··· Records for processing

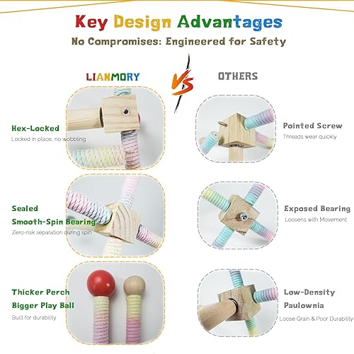 360° INTERACTIVE SPINNING BIRD TOY: Features built-in bearing for smooth bidirectional spin (no falling screws). 4 colorful 3.9" perches for climbing or you can spin it to interact, perfect for bird entertainment and reducing anxiety
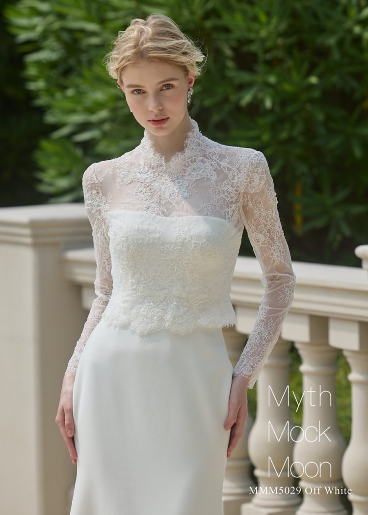 繊細な総レースのロングスリーブブラウスは、衿フロントをあえて下げることで、ハイネックでありながら首を長く見せスッキリと着こなすことが出来るデザイン。
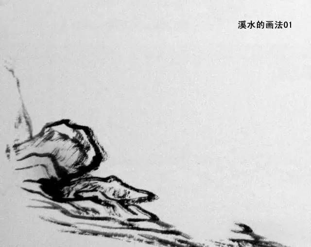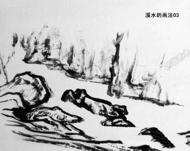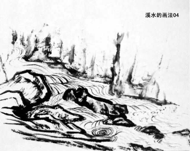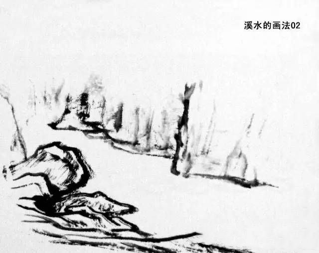 山有泉瀑而活,画溪水要有曲折转回和掩藏呼应。再用墨块点出水中乱石,石块要有大小、浓淡和聚散的变化。
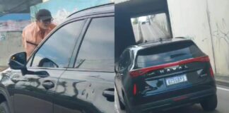 [Vídeo]: Idoso é flagrado sendo arrastado em cima de capô de veículo em Manaus
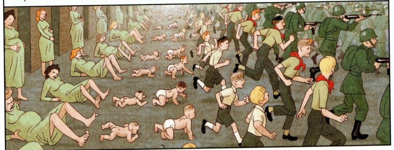 Воспитатели детского сада в Екатеринбурге заставили детей разыграть сценку, в которой мать получает "похоронку" на сына. Ну а что - предусмотрительно, да. Рожать Пыня велит как можно раньше, дальше сына отдавать на лето в военный лагерь, во время учебы - штоп в "Хренармии" занимался: учился автомат заряжать, гранату кидать и пить чистый спирт, закусывая портянкой.
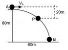 Calcula la velocidad de la partícula en el punto P. El cuerpo es lanzado horizontalmente desde el punto A y llega al punto B como se indica en la figura. (
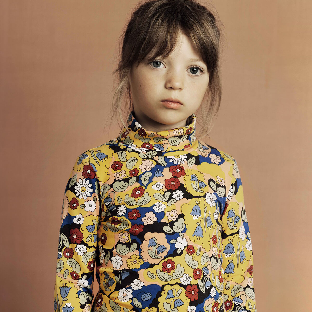 Flowers all over turtleneck by Mini Rodini. Long sleeve turtleneck with an all over flower print.
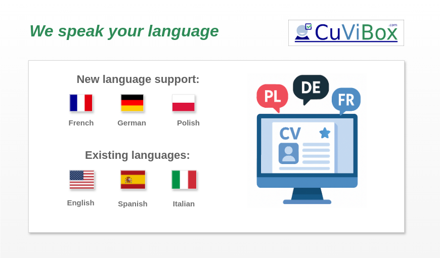 - Enhanced User Experience: Employees can now navigate the CuViBox platform and manage their CVs in their native language.
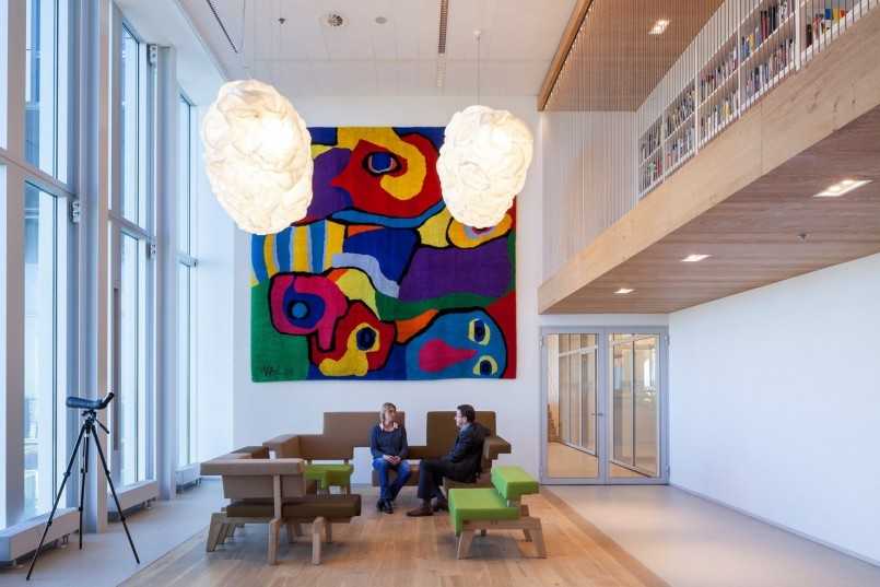 Кричащие гобелены на стенах, перекликаясь с яркими акцентами в комнате, выглядят очень стильно и гармонично
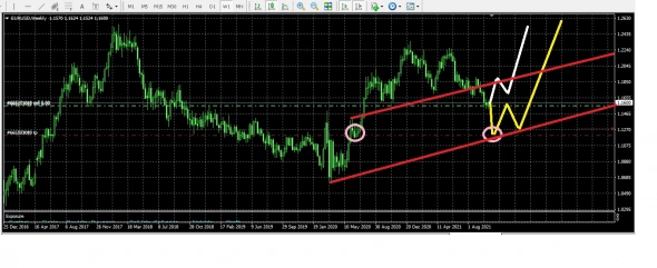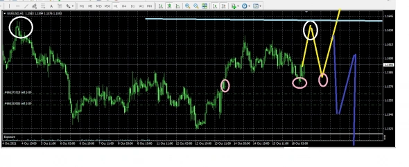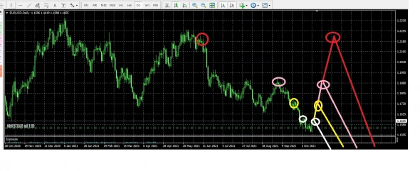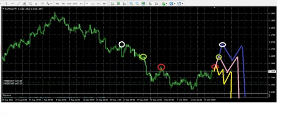 Не понимаю, какие тут 1.19 ты видишь? Смотри, как розовый мишка усиливался через образование желтых поддержек. И игнорировать этот факт нельзя, ибо это на старшем графике происходит. Ориентироваться надо на белое движение. В крайнем случае будет синее или красное движения. И 1.17 в ближайшее время- это под большим вопросом.
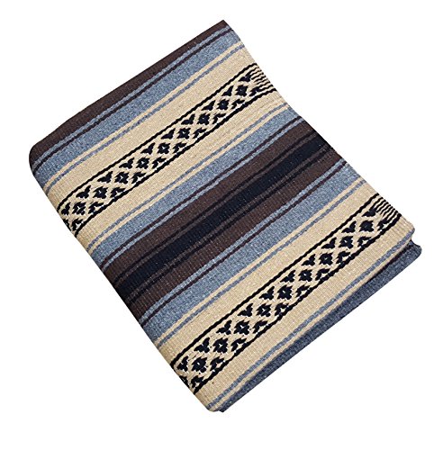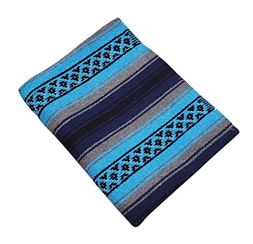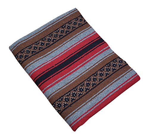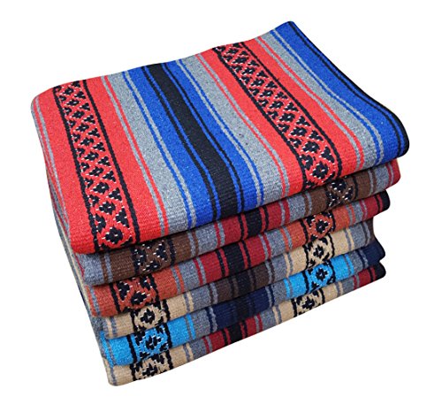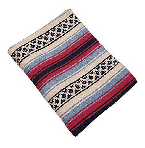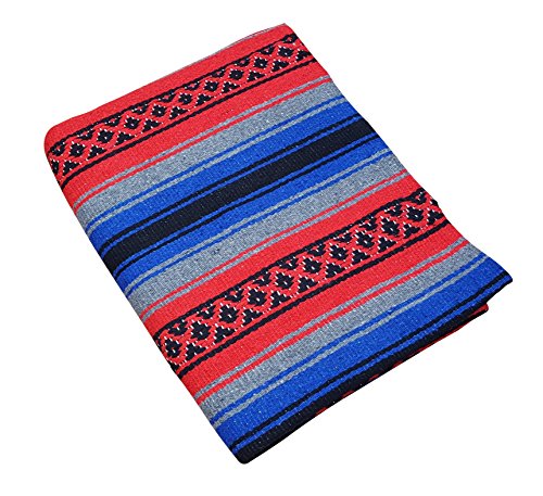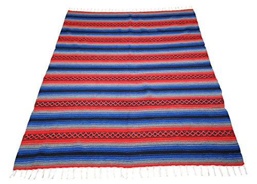 Beautiful hand woven falsa blanket designed with classic falsa stripe pattern. Features white tassels on ends of blanket. Hand crafted from heavy acrylic yarn. Measures 57 in x 74 in. Ideal Heavyweight yoga blanket, throw blanket, or bedspread. Weighs 3.4 pounds. Machine wash gentle in cold. Hang to dry.Feature
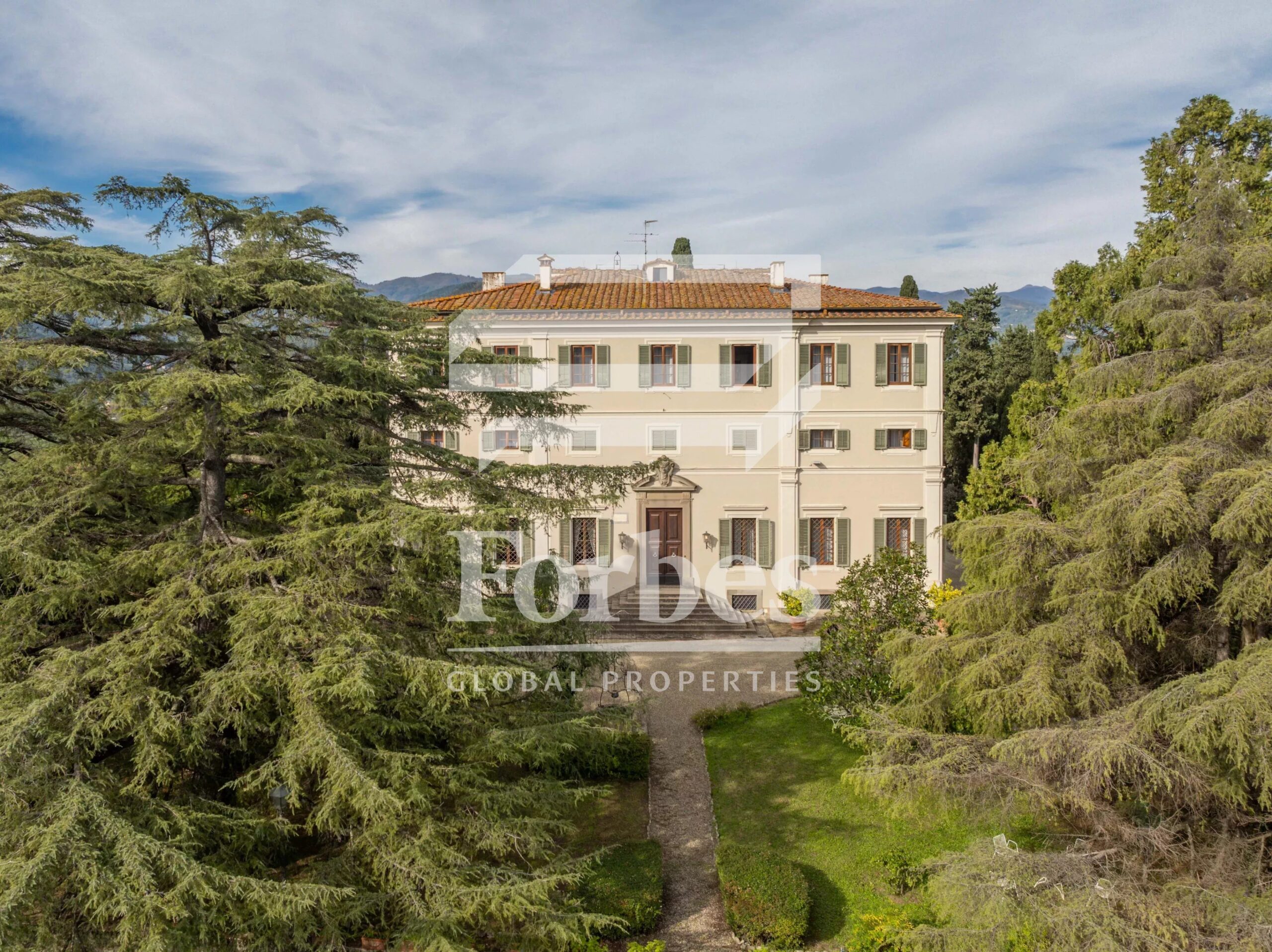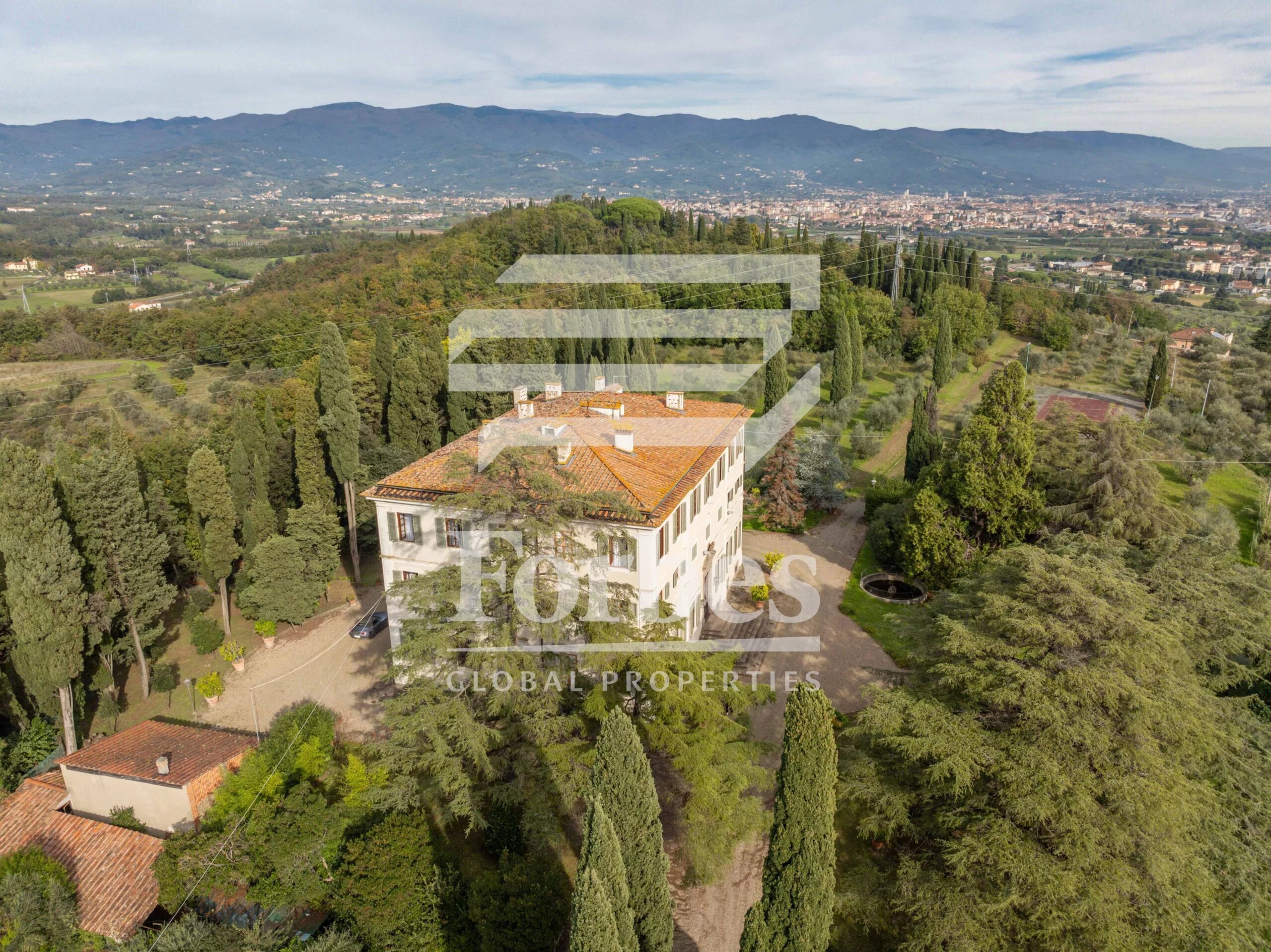 Surrounded by beautiful gardens with panoramic views, the villa for sale overlooks a breathtaking landscape that, on the clearest days, allows a glimpse of the dome of Florence Cathedral and the entire plain stretching to the Serravalle towers to the west. The interior of the mansion is fully decorated with frescoes depicting mythological scenes and enchanting landscapes, interspersed with architectural decorations.
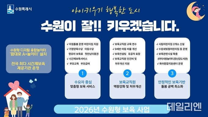 [데일리엔뉴스 이종성 기자] 수원특례시가 돌봄 공백을 줄이기 위한 ‘2026년 보육사업 시행계획’을 수립했다.
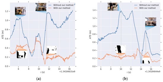 Accuracy of the experiment without moving object detection (blue) and the experiment with our new method (orange) on two highly dynamic datasets. The horizontal axis represents time in seconds, and the longitudinal axis represents the absolute trajectory error (ATE) in meters. (a) 1341846315–1341846327 s part of the fr3/walking_xyz dataset; (b) 1341846446–1341846457 s part of the fr3/walking_halfsphere dataset. The RGB images of blue lines indicate the presence of pedestrians in the FOV of the camera. The black areas in the binary images of orange lines indicate that our improved RGB-D SLAM excluded the influence of pedestrians at these moments when ATE values increased dramatically.
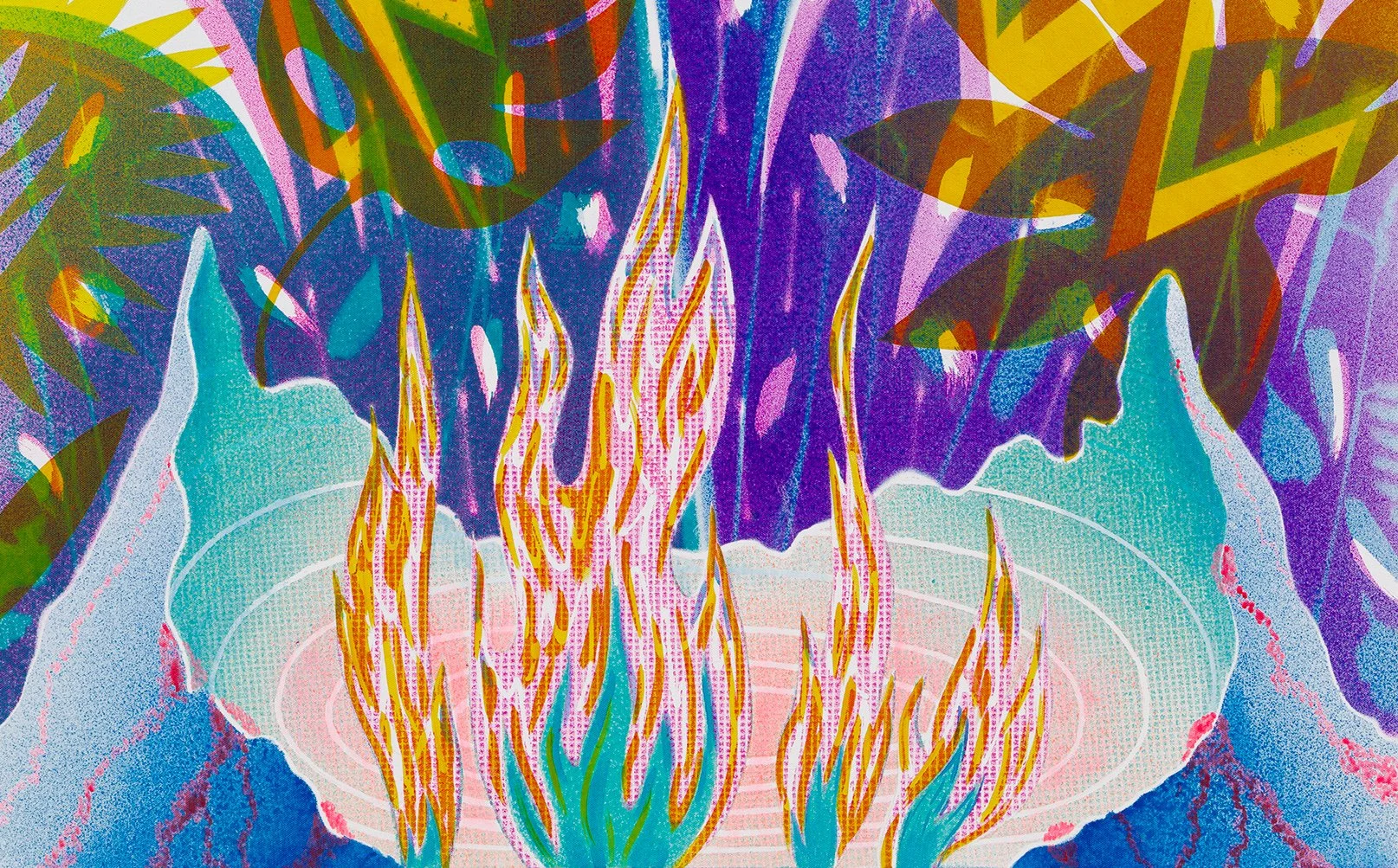 Maria Stabio’s paintings thematizes a variety of elements related to her Philippine heritage. By layering stencils and paint, Stabio achieves a non-uniform surface, shadow effects, and fine dot patterns within crisp outlines. Symbols of environment such as bubbling lava, lightening bolts, palm fronds, and cumulus clouds overlap, while basketballs released into the air from open hands and spoons and forks surrounding an egg, reference popular traditions and shared meals. As Alex Santana writes, “Stabio’s images are an amalgamation of evocative, dreamlike components that operate like how memory works: effervescent, elusive, and determined by one’s own psychological and spiritual proximity.'“ Maria Stabio was born in 1985 in San Francisco, CA and lives and works in Barnesville, Pennsylvania. She received a BFA in Painting from Boston University in 2007 and an MFA in Visual Arts from Columbia University in 2012.
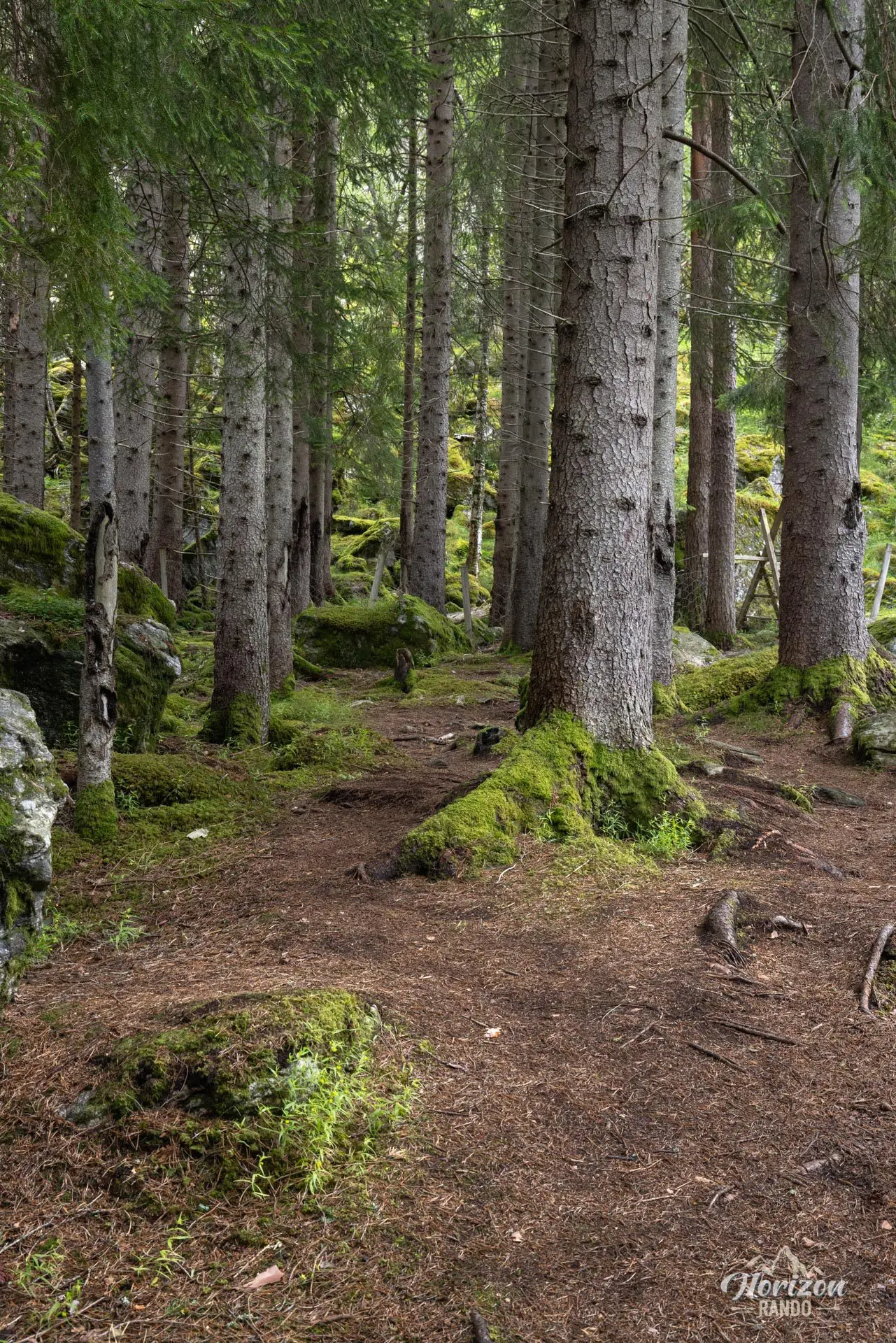 Comme souvent en Norvège, l’itinéraire débute au niveau de la mer. Le sentier grimpe d’abord à travers une forêt de pins, puis de bouleaux, avant de s’ouvrir progressivement aux alentours de 400 à 500 mètres d’altitude — environ à mi-parcours.

······

• Task statement: Give back the exact lines above, running from the one that has "山有泉瀑而活,画溪水要有曲折" through the one that has "Воспитатели детского сада", with nothing added and no pictures.

• Written answer:
 山有泉瀑而活,画溪水要有曲折转回和掩藏呼应。再用墨块点出水中乱石,石块要有大小、浓淡和聚散的变化。
 [Vídeo]: Idoso é flagrado sendo arrastado em cima de capô de veículo em Manaus
 Воспитатели детского сада в Екатеринбурге заставили детей разыграть сценку, в которой мать получает "похоронку" на сына. Ну а что - предусмотрительно, да. Рожать Пыня велит как можно раньше, дальше сына отдавать на лето в военный лагерь, во время учебы - штоп в "Хренармии" занимался: учился автомат заряжать, гранату кидать и пить чистый спирт, закусывая портянкой.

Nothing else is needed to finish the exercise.